[TASK ITEM]:
From the first line onward, reproduce the records exactly; the final line to include is the one holding "Robbi from Pennington, NJ".

[DATA FOR PROCESSING]:
*** Block opens ***
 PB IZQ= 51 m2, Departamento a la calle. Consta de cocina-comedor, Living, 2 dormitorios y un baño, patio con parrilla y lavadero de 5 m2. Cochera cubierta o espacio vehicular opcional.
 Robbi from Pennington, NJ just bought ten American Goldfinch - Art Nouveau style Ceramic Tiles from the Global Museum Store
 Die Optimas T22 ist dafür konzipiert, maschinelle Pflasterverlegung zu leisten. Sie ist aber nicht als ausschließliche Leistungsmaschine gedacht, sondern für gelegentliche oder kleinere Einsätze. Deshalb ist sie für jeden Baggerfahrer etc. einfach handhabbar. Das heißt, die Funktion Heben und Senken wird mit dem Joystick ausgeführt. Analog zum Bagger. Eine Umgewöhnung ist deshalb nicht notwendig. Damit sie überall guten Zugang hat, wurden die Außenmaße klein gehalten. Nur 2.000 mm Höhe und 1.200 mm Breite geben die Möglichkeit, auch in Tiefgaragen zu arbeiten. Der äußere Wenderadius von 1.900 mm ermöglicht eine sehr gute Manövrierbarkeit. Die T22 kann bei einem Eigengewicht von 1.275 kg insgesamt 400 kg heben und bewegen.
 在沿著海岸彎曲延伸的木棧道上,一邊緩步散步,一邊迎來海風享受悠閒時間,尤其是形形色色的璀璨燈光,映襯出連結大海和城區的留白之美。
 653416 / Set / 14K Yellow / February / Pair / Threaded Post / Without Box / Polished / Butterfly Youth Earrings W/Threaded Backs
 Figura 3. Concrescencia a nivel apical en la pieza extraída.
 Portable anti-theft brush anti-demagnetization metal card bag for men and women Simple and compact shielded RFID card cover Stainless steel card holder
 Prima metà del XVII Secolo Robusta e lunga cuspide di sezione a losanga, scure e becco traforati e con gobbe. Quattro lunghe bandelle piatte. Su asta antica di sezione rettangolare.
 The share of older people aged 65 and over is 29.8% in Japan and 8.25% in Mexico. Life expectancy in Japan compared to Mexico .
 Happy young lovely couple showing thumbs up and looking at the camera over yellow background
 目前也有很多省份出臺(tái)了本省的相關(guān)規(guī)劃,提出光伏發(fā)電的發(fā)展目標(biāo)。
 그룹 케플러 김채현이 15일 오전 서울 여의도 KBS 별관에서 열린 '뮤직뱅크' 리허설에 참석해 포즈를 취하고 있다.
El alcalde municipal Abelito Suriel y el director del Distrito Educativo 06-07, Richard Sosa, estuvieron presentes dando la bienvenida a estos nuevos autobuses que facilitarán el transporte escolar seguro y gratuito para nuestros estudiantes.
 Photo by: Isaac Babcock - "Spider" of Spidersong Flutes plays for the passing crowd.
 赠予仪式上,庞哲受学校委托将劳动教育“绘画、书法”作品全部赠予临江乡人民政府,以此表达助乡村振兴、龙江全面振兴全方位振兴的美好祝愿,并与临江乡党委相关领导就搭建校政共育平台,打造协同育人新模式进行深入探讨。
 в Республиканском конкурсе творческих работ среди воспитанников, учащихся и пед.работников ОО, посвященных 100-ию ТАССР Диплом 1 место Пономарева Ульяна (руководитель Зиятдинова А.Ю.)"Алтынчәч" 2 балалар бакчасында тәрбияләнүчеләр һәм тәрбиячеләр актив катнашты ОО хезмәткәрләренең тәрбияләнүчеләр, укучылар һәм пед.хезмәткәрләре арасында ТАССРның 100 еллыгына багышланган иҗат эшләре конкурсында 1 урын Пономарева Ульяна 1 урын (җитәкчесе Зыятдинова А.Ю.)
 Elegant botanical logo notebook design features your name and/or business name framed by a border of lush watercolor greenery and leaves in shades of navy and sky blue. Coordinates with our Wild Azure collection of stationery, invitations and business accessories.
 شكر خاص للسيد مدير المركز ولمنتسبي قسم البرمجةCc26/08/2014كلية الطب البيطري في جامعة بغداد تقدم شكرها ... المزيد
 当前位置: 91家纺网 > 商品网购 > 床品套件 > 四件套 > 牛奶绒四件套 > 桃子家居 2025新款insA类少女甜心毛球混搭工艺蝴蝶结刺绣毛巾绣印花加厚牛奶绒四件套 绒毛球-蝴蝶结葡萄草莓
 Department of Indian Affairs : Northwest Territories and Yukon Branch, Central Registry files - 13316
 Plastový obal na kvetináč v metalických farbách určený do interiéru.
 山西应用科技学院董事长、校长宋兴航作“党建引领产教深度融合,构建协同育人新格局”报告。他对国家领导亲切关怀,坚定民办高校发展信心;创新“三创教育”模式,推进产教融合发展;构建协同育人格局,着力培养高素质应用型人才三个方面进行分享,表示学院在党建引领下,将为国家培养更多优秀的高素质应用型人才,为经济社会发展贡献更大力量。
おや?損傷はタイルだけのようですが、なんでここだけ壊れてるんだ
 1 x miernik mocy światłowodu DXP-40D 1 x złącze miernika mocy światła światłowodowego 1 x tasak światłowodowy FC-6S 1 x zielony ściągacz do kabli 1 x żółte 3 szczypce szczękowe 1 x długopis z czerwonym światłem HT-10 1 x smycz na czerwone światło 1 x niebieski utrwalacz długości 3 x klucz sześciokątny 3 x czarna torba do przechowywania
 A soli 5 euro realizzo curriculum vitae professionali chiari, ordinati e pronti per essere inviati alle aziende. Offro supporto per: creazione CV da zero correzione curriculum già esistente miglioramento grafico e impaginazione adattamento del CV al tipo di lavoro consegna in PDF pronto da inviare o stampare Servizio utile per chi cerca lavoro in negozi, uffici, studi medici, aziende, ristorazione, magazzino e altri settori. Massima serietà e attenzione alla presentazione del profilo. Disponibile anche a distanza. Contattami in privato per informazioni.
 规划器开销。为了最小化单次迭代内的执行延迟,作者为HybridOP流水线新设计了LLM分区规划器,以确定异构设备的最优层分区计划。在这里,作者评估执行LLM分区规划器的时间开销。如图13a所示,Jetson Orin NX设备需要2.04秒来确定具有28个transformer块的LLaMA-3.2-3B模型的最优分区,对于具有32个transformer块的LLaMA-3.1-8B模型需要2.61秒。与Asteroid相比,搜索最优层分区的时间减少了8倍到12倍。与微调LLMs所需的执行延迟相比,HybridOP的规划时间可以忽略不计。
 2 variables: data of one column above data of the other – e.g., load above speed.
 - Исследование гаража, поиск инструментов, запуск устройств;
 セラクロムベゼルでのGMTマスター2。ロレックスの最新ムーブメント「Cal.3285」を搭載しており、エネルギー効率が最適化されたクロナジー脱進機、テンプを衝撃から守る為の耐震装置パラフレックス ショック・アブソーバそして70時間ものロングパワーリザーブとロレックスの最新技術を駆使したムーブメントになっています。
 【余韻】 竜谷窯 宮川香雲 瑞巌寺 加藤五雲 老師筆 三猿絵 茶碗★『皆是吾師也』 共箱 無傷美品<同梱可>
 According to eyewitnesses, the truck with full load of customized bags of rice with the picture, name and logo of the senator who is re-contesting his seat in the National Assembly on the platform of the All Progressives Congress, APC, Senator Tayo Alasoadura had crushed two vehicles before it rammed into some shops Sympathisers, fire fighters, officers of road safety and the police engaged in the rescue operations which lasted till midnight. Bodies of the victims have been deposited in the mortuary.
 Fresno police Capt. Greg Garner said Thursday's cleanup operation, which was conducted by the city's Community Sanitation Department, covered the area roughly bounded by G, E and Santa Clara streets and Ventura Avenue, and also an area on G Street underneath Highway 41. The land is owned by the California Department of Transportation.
*** Block closes ***
[ANSWER BOX]:
 PB IZQ= 51 m2, Departamento a la calle. Consta de cocina-comedor, Living, 2 dormitorios y un baño, patio con parrilla y lavadero de 5 m2. Cochera cubierta o espacio vehicular opcional.
 Robbi from Pennington, NJ just bought ten American Goldfinch - Art Nouveau style Ceramic Tiles from the Global Museum Store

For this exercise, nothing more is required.